崔秘書沉默了:他們真像是幫惡毒男配助紂為虐的狗腿子。
忽然之間,手機鈴聲響起。
崔秘書條件反射地坐直了身子,第一時間接通:「boss!」
隔著細密的雨聲,男人聲線染了絲絲縷縷的沉啞,語調卻是一如既往的平淡冷靜:「你們自行回去。」
崔秘書:「那您和太太?」
朝徊渡:「我自己開車。」
說完便結束通話,不容置喙。
崔秘書:「……」
起初他不懂為什麼不讓司機去開車。
忽而想起車裡面發生的事情,瞬間福至心靈,假裝無事發生,對保鏢們道:「散了吧,給boss讓道。」
堵在巷子口,boss的車出不來。
結束後,檀灼渾身薄汗,感覺快要喘息不過來了,車廂內充斥著濃濃的白檀香與荔枝玫瑰的味道,更多的是甜膩到讓人骨頭髮軟的氣息,醺得人肌膚泛紅,甚至不敢大口呼吸。

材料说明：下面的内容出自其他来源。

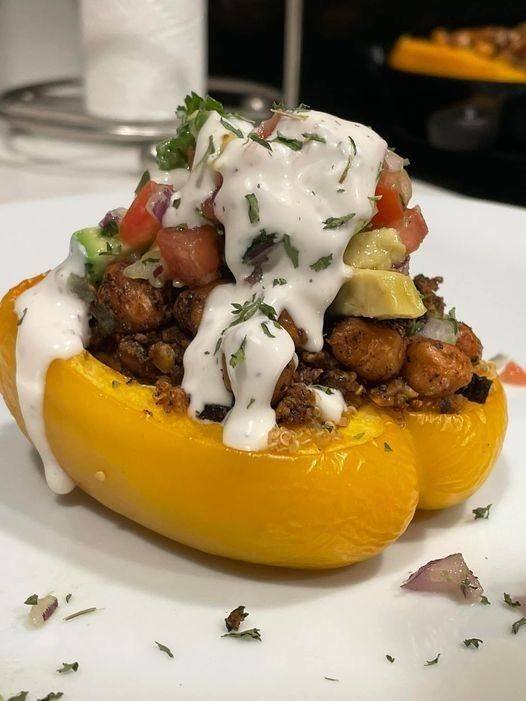 (Stuffed with Quinoa, Walnut/Mushroom “Meat”, Chickpeas, Topped with Avocado, Tomatoes, Cilantro, Red Onion and a Vegan Caesar Dressing)
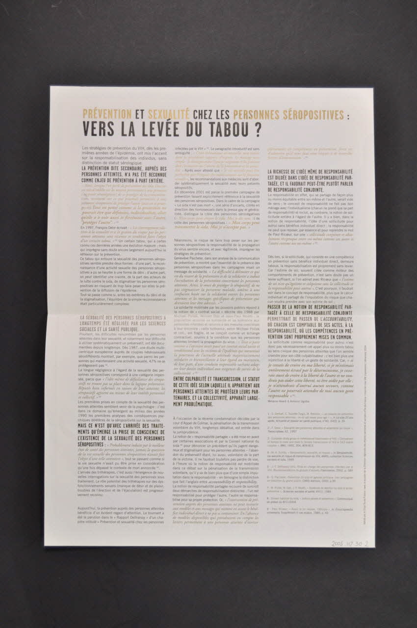 MERCI // A CEUX // QUI // LUTTENT (Titre de l'affiche inscrit sur l'avant de l'affiche en lettres dorées et noires), au centrePRÉVENTION ET SEXUALITÉ CHEZ LES PERSONNES SÉROPOSITIVES: // VERS LA LEVÉE DU TABOU ? (Titre du texte au dos de l'affiche), en hautTexte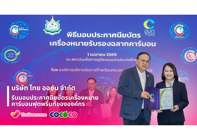 “ไทย ออซัม” คว้าประกาศนียบัตรเครื่องหมายคาร์บอนฟุตพริ้นท์องค์กร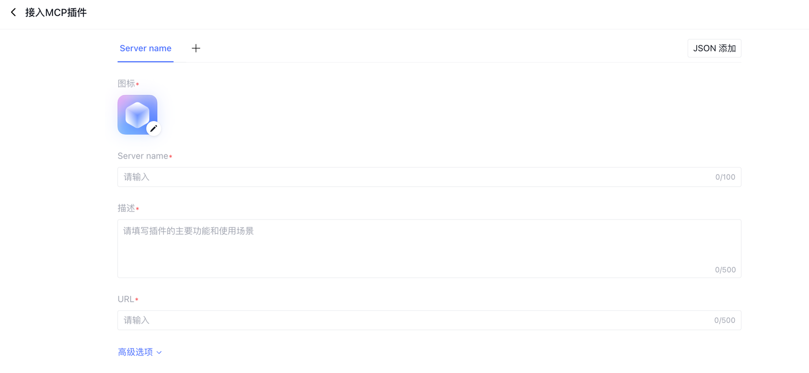 2. 在接入页面,填写 MCP Server 信息,包括名称、描述等字段,配置 URL 地址。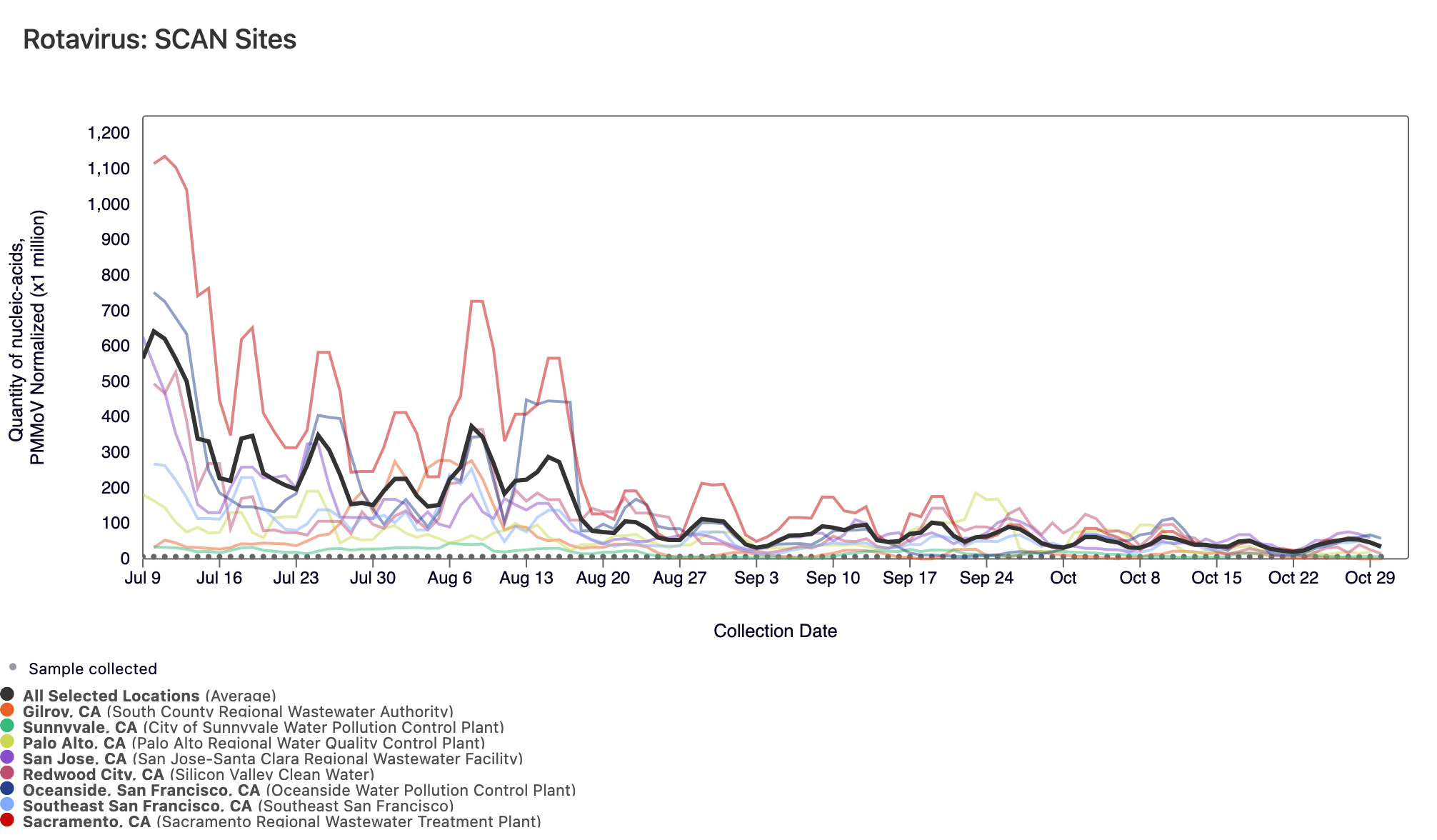 Rotavirus RNA concentrations are shown in the chart below; all the SCAN plants are shown together. The population weighted average line is shown in black. You can interact with the chart of all the plants here.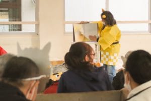 最後は紙芝居や絵本の朗読を眺めながらお菓子を頂きました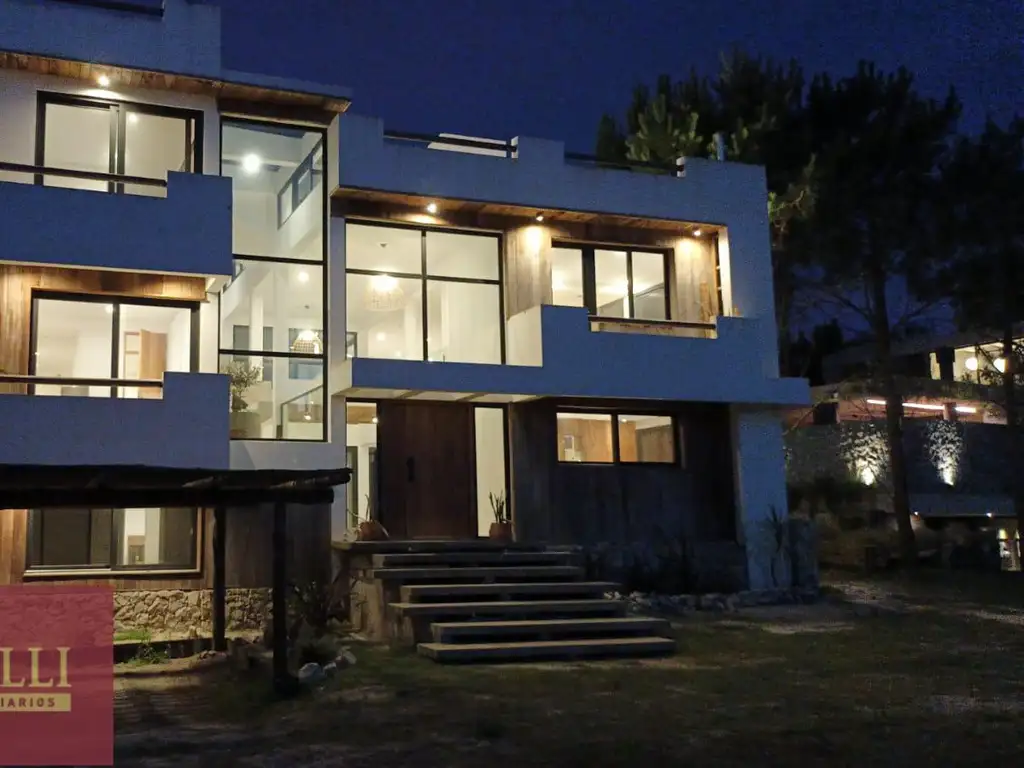 La casa cuenta con 5 dormitorios, 6 baños, cocina, living comedor, lavadero, oficina con toilette, bar, sala de estar/comedor, SUM, cochera y pileta.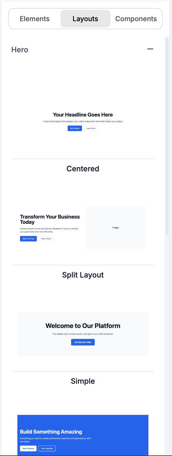 The Layouts tab has pre-built sections you can drop onto your page. Each one is a ready-made block with placeholder content that you can customize.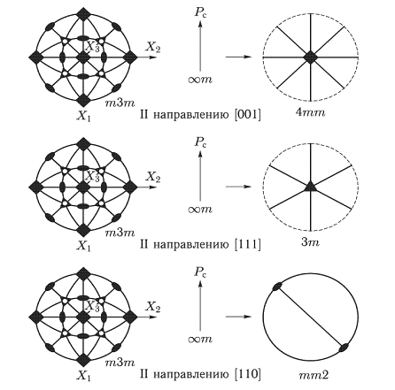 кубической группы, то симметрия кристалла понизится до группы mm2. И, наконец,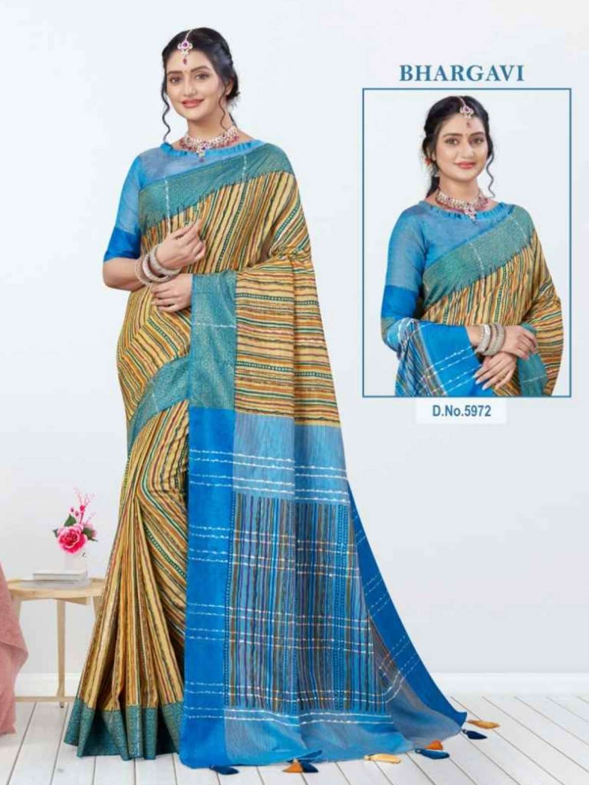 “BHARGAVI” – The “BHARGAVI” saree sounds beautiful! With its silk cotton and Ryan mix fusion material, it offers both elegance and comfort. The tricolor print, combined with a contrasting pallu and blouse, adds a vibrant touch, reminiscent of the traditional Bhagalpuri weaving style. This blend is perfect for both office occasions and Party wear.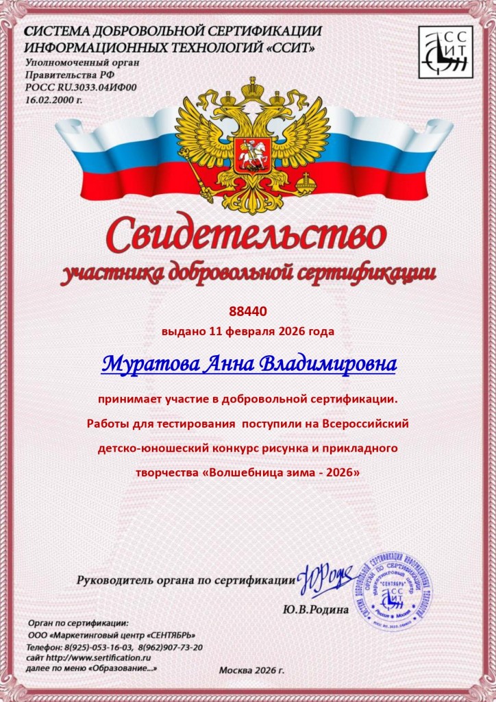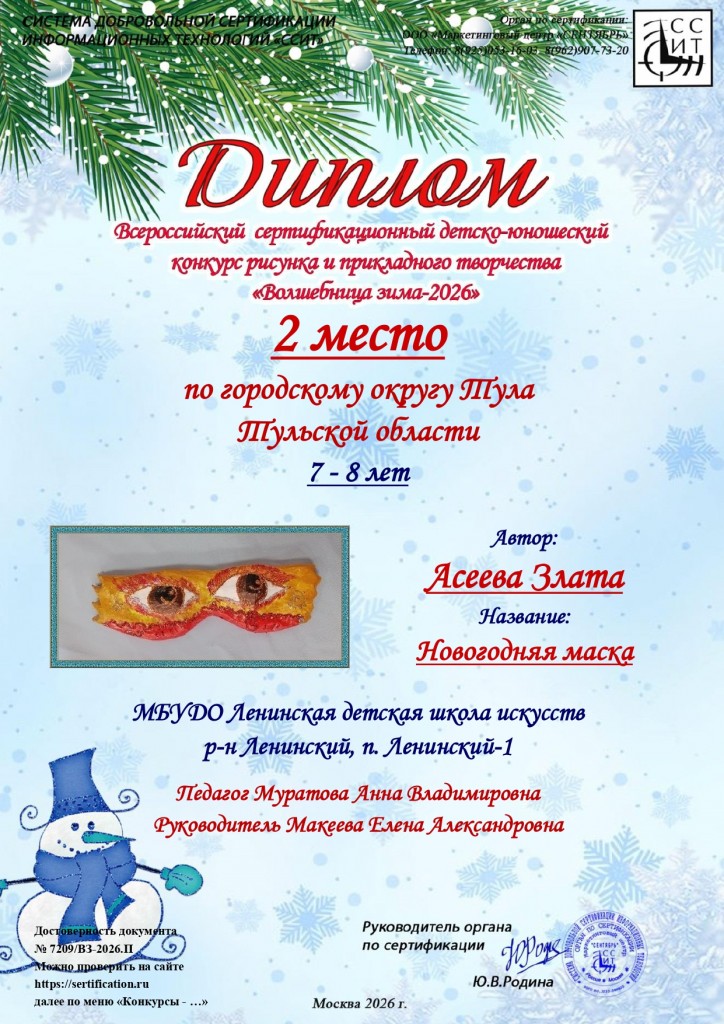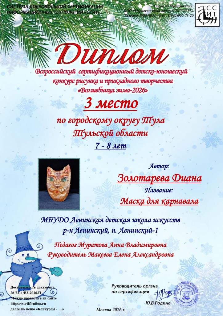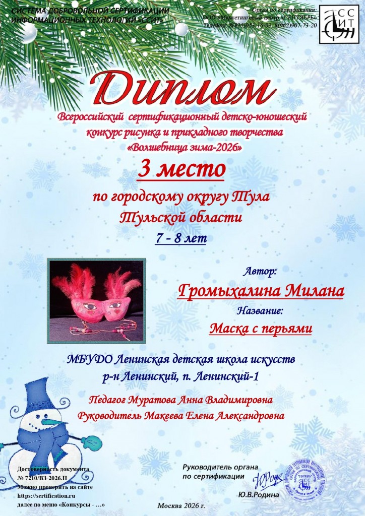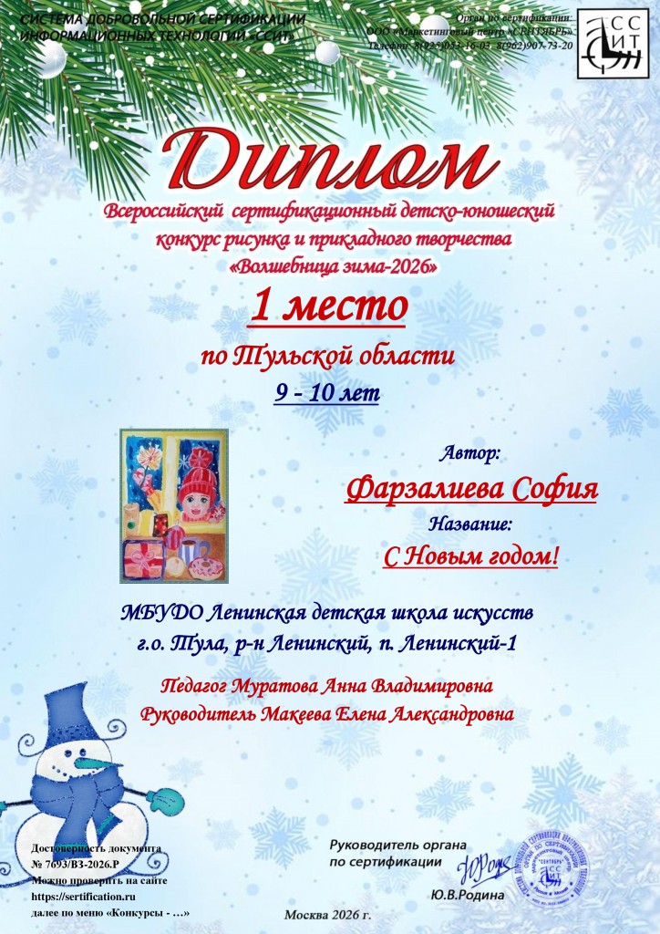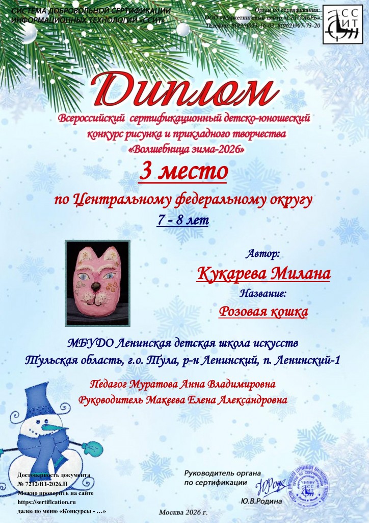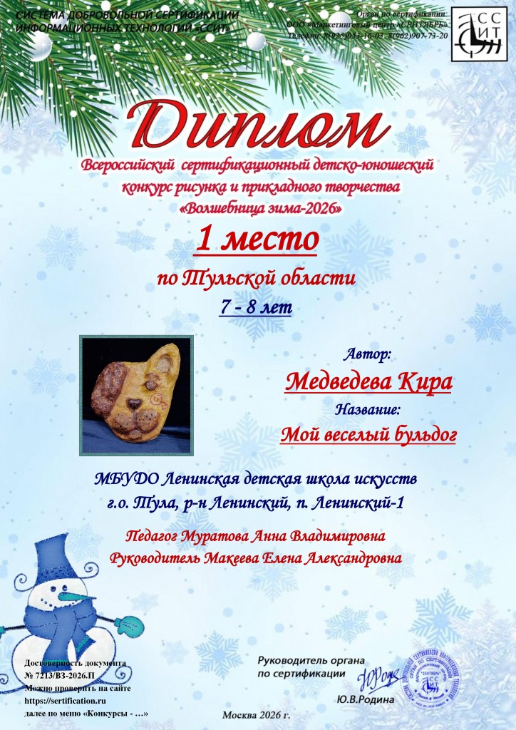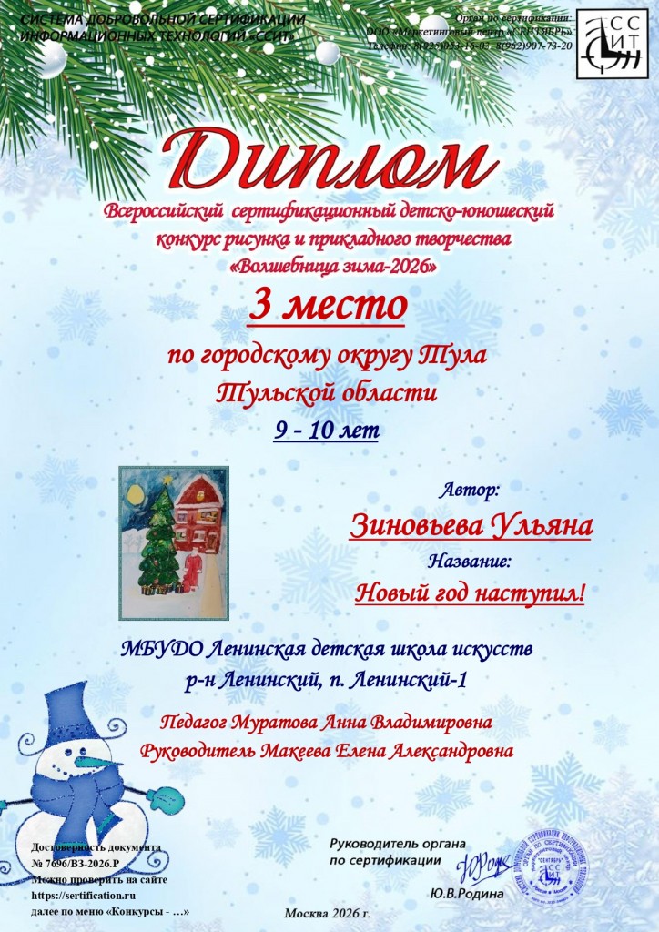 Поздравляем учащихся художественного отделения МБУДО «ЛДШИ» (преп.Муратова Анна Владимировна) с победой в Всероссийском сертифицированном детско-юношеском конкурсе рисунка и прикладного творчества «Волшебница зима-2026» г.Москва: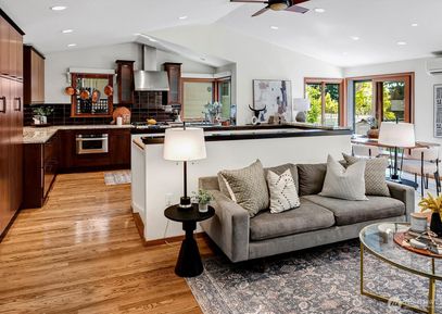 This remodeled mid-centruy gem is located in the sought-after Broadview neighborhood, tucked away on a quiet cul-de-sac. Enjoy stunning Puget Sound views & vibrant sunset hues, while surrounded by the fragrant scent of mature jasmine. A serene retreat offering beauty, privacy & classic NW charm. Two beautifully appointed kitchens w/ goumet appliances, rich hardwood floors, mini-split system & spa-like bathrooms w/ heated floors. Thoughfully remodeled and redesigned in 2010 down to the studs, this 3-bdrm home is fully ADA... Listing Courtesy of Northwest MLS / COMPASS |

少女雙腿搭在座椅,腿彎處壓著那面濕透的鏡子和散落的黑色緞帶,越發襯得她肌膚白皙。
明明什麼都沒做,偏偏這色彩濃烈的對比,在昏暗狹窄的車廂內,平添了無限的旖旎。
外面暴雨突然停了。
江城的盛夏,雨就是這樣,突然而來,又戛然而止。
朝徊渡拿著濕巾,動作不疾不徐,幫她擦拭著。
假好心。
檀灼才不會覺得他貼心,理直氣壯地任由他伺候。
這個狗男人越來越肆無忌憚,之前在會所外面,便用手……這次直接在車內。
幸好下了暴雨,不然若是有人經過……
想想那個可能性,檀灼便覺得心有餘悸,伏在男人肩膀處,掀開潮濕的睫毛,無意間看向窗外,垂落的梧桐樹枝擋住了對面的牆壁,只有風吹得若隱若現,似有人影。
定睛一看,才發現是牆壁上塗鴉的人像。
眼睛一直盯著他們,令她莫名想起了美術館的塗鴉。
她心臟一悸,下意識地將臉埋回朝徊渡的肩窩。
內心:看不見,看不見,看不見。
然而沒多久,穿戴整齊的朝徊渡已經用一個薄毯將她裹得嚴嚴實實塞回座椅,又順勢給她繫好安全帶。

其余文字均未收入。